[Agda] new InequalityReasoning
Sergei Meshveliani
mechvel at botik.ru
Tue Mar 19 19:46:12 CET 2019
On Sun, 2019-03-17 at 15:24 +0300, Sergei Meshveliani wrote:
> Dear standard library supporters,
>
> I am trying to use inequality reasoning provided in lib-0.18,
> and have certain difficulties.
>
> Currently I use a non-standard InequalityReasoning by Ulf Norell
> (see LtReasoning.agda attached).
>
> Now I need to replace it with the standard inequality reasoning of
> lib-0.18-candidate.
>
> I attach a file with small examples test1 ... test6
>
> that work under InequalityReasoning by Ulf Norell.
> They have been tested under
> Agda-2.6.0-candidate, ghc-8.6.3.
>
> They show proofs for various combinations of the relations
> _≡_, _≈_; _≤_, _<_.
>
> Can you, please, demonstrate the corresponding code with using the
> inequality reasoning of lib-0.18 ?
>
I discover now the responsible module in standard library
0.18-candidate:
Relation.Binary.Reasoning.Base.Triple.
Now, all examples work -- except test3 below. test3 looks like a
specialization of test2, and it is strange that it is not type-checked.
Can people, please, tell what is the matter here? how to fix?
It is possible to use PE.≡-Reasoning, with renaming constructors.

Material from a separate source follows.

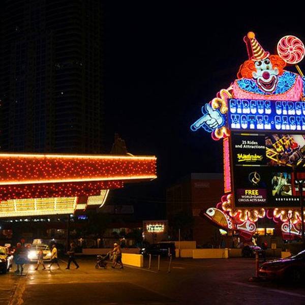 乘坐DEUCE公交车到达 Circus Circus 后步行到达。
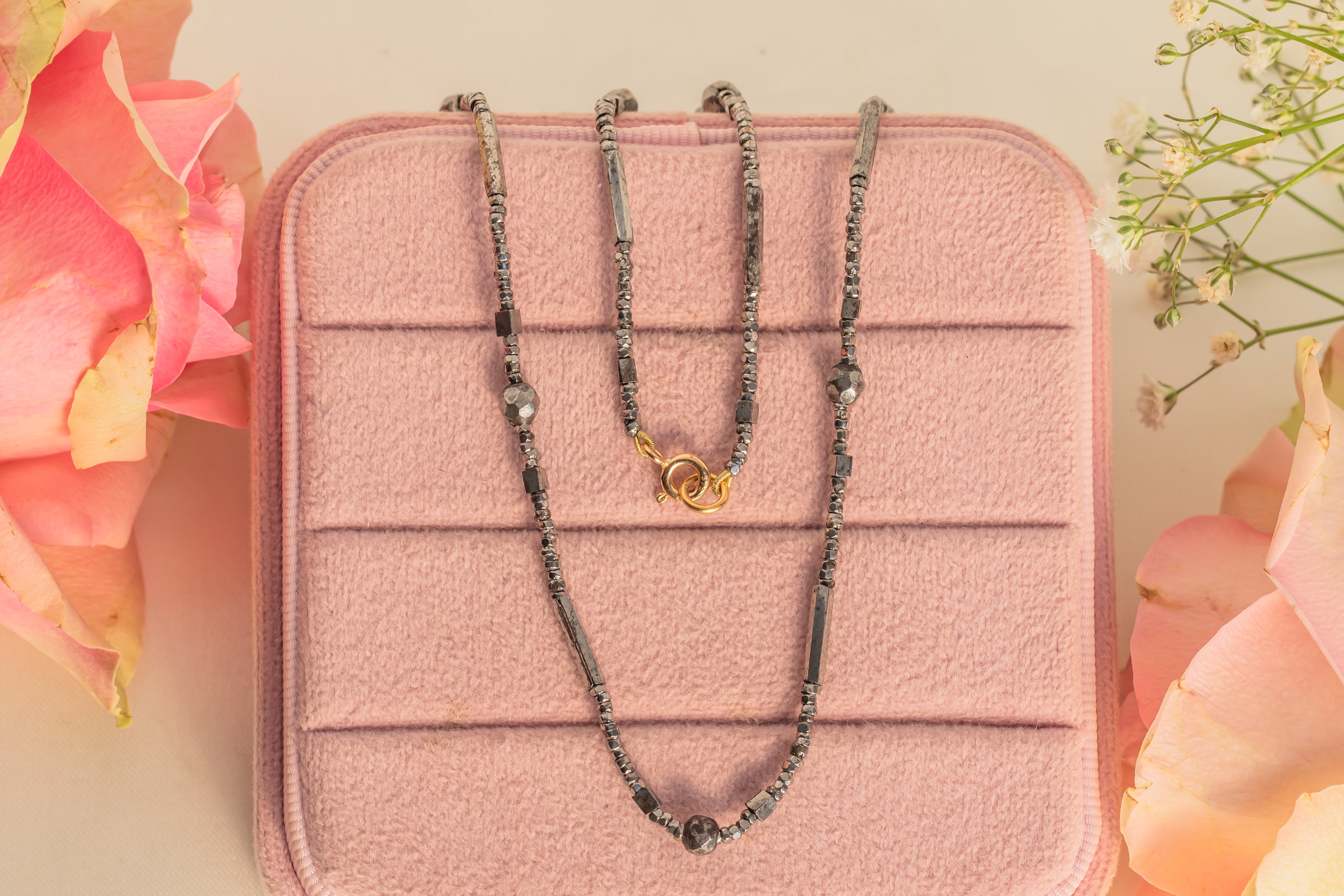 16.5インチ ジョージアンカット スチール ネックレス、9ctゴールド ボルトリング付き

But may be, its is possible some wiser usage of
relation.Binary.Reasoning.Base.Triple -- ?
Thanks,
------
Sergei
-----------------------------------------------------------------------
open import Relation.Binary using (Rel; Transitive; _Respects₂_;
DecTotalOrder)
open import Relation.Binary.PropositionalEquality as PE using (_≡_)
import Relation.Binary.Reasoning.Base.Triple as IneqReasoning
module _ {c ℓ₁ ℓ₂} (dto : DecTotalOrder c ℓ₁ ℓ₂)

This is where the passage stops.